### INPUT DATA
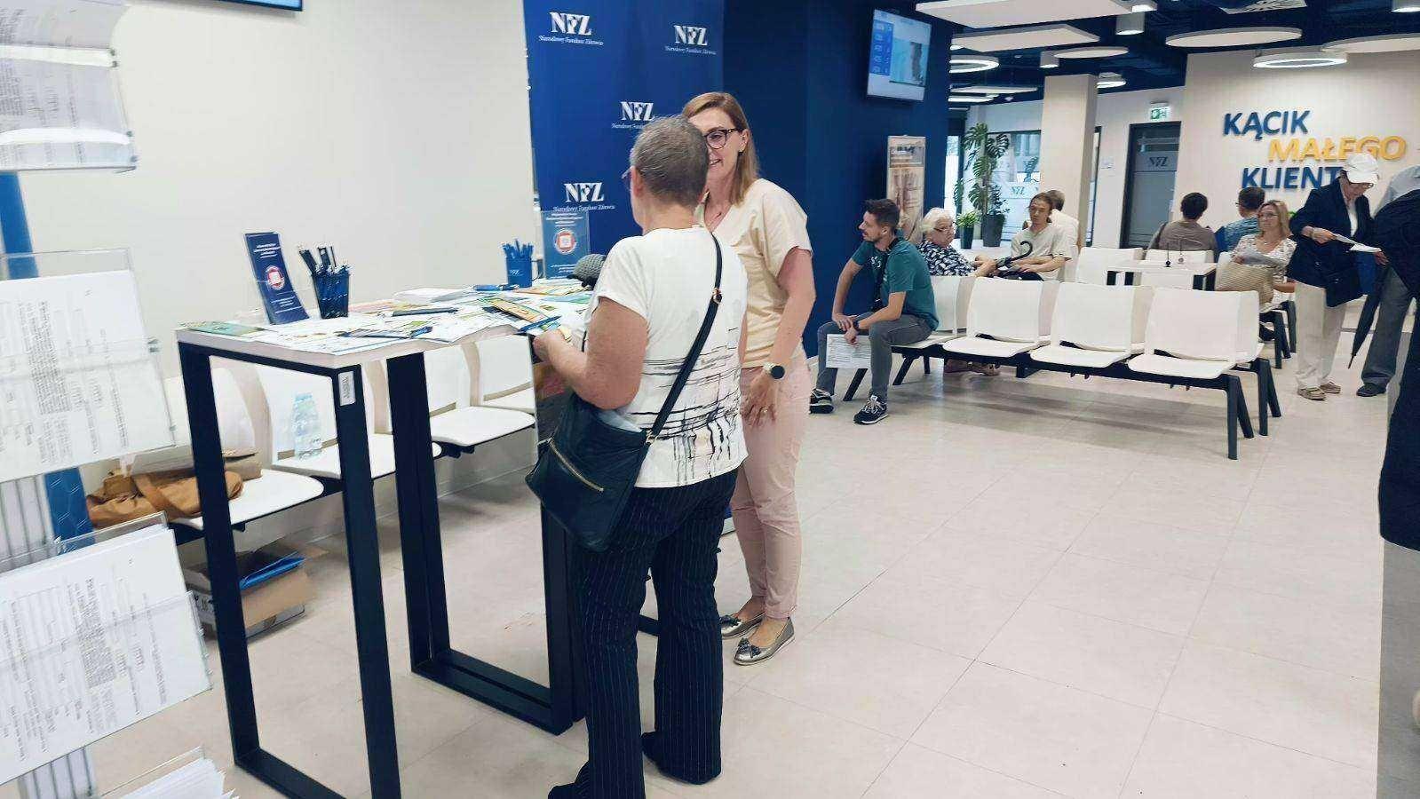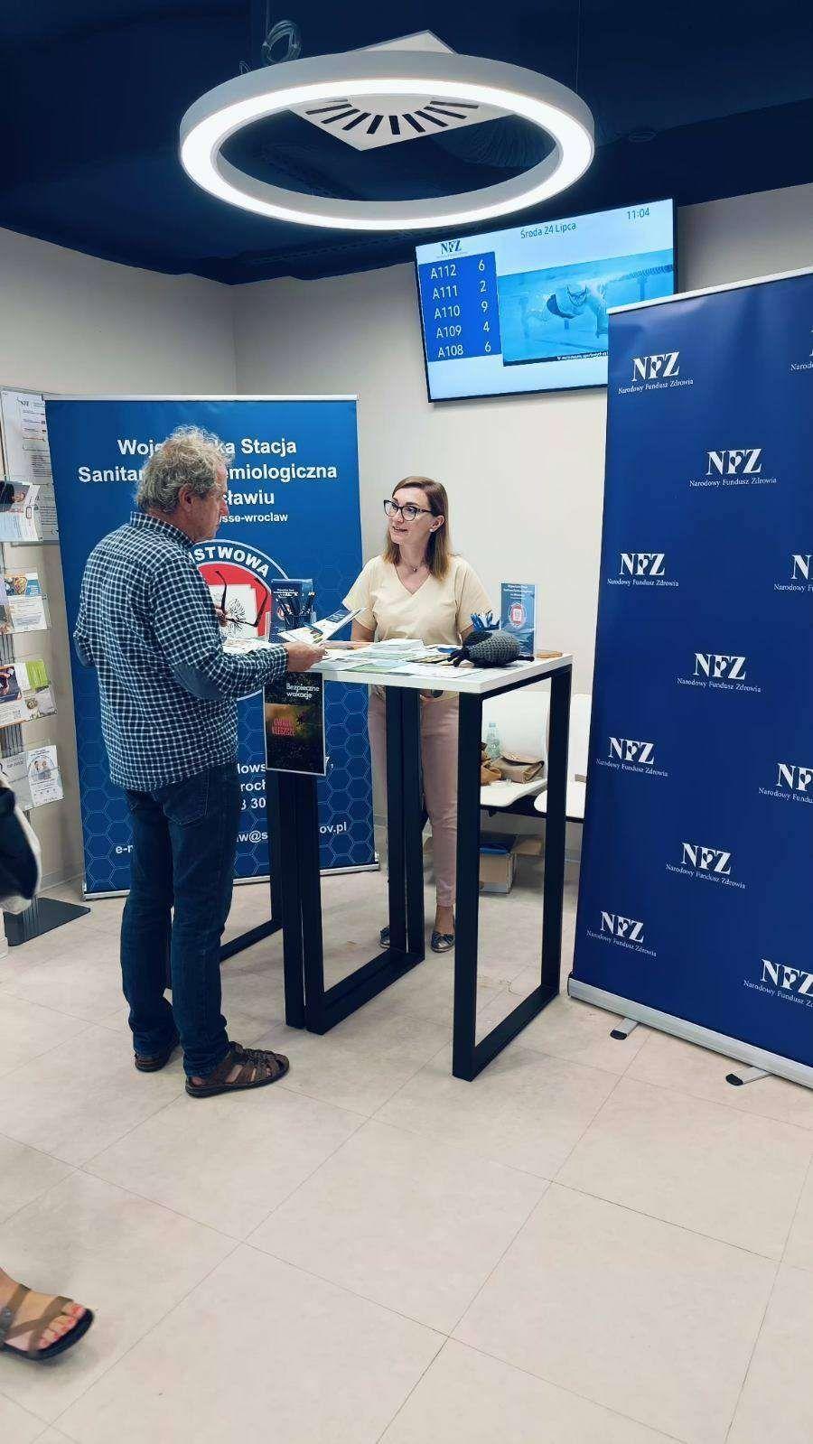 W dniu 24.07.2024 pracownicy Promocji Zdrowia WSSE we Wrocławiu w punkcie obsługi klienta Dolnośląskiego Oddziału NFZ przekazywali sprawdzone patenty na bezpieczne wakacje,
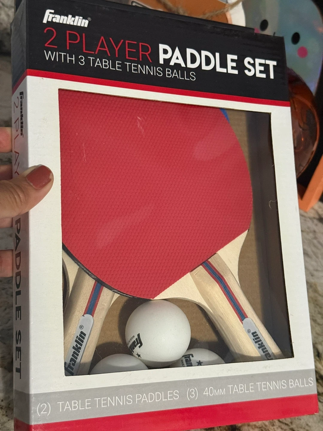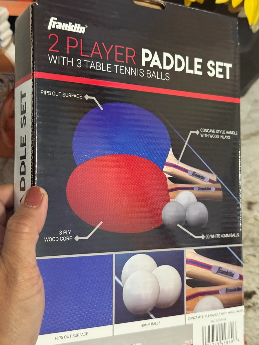 New Selling a Franklin 2 Player Paddle Set with 3 table tennis balls! It features a pips out surface and a 3 ply wood core. The handle has a concave style with wood inlays. The set includes (2) table tennis paddles and (3) 40mm table tennis balls
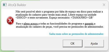 A mensagem "Não será possível abrir o programa por falta de espaço em disco para realizar a atualização do cadastro para versão mais atual. Libere espaço e tente novamente" costuma ser exibida na primeira abertura do AltoQi Builder após uma instalação ou atualização.

### WORK TO BE COMPLETED
Without the pictures, repeat the listing word for word.

### RESULT OF THIS TASK
 W dniu 24.07.2024 pracownicy Promocji Zdrowia WSSE we Wrocławiu w punkcie obsługi klienta Dolnośląskiego Oddziału NFZ przekazywali sprawdzone patenty na bezpieczne wakacje,
 New Selling a Franklin 2 Player Paddle Set with 3 table tennis balls! It features a pips out surface and a 3 ply wood core. The handle has a concave style with wood inlays. The set includes (2) table tennis paddles and (3) 40mm table tennis balls
 A mensagem "Não será possível abrir o programa por falta de espaço em disco para realizar a atualização do cadastro para versão mais atual. Libere espaço e tente novamente" costuma ser exibida na primeira abertura do AltoQi Builder após uma instalação ou atualização.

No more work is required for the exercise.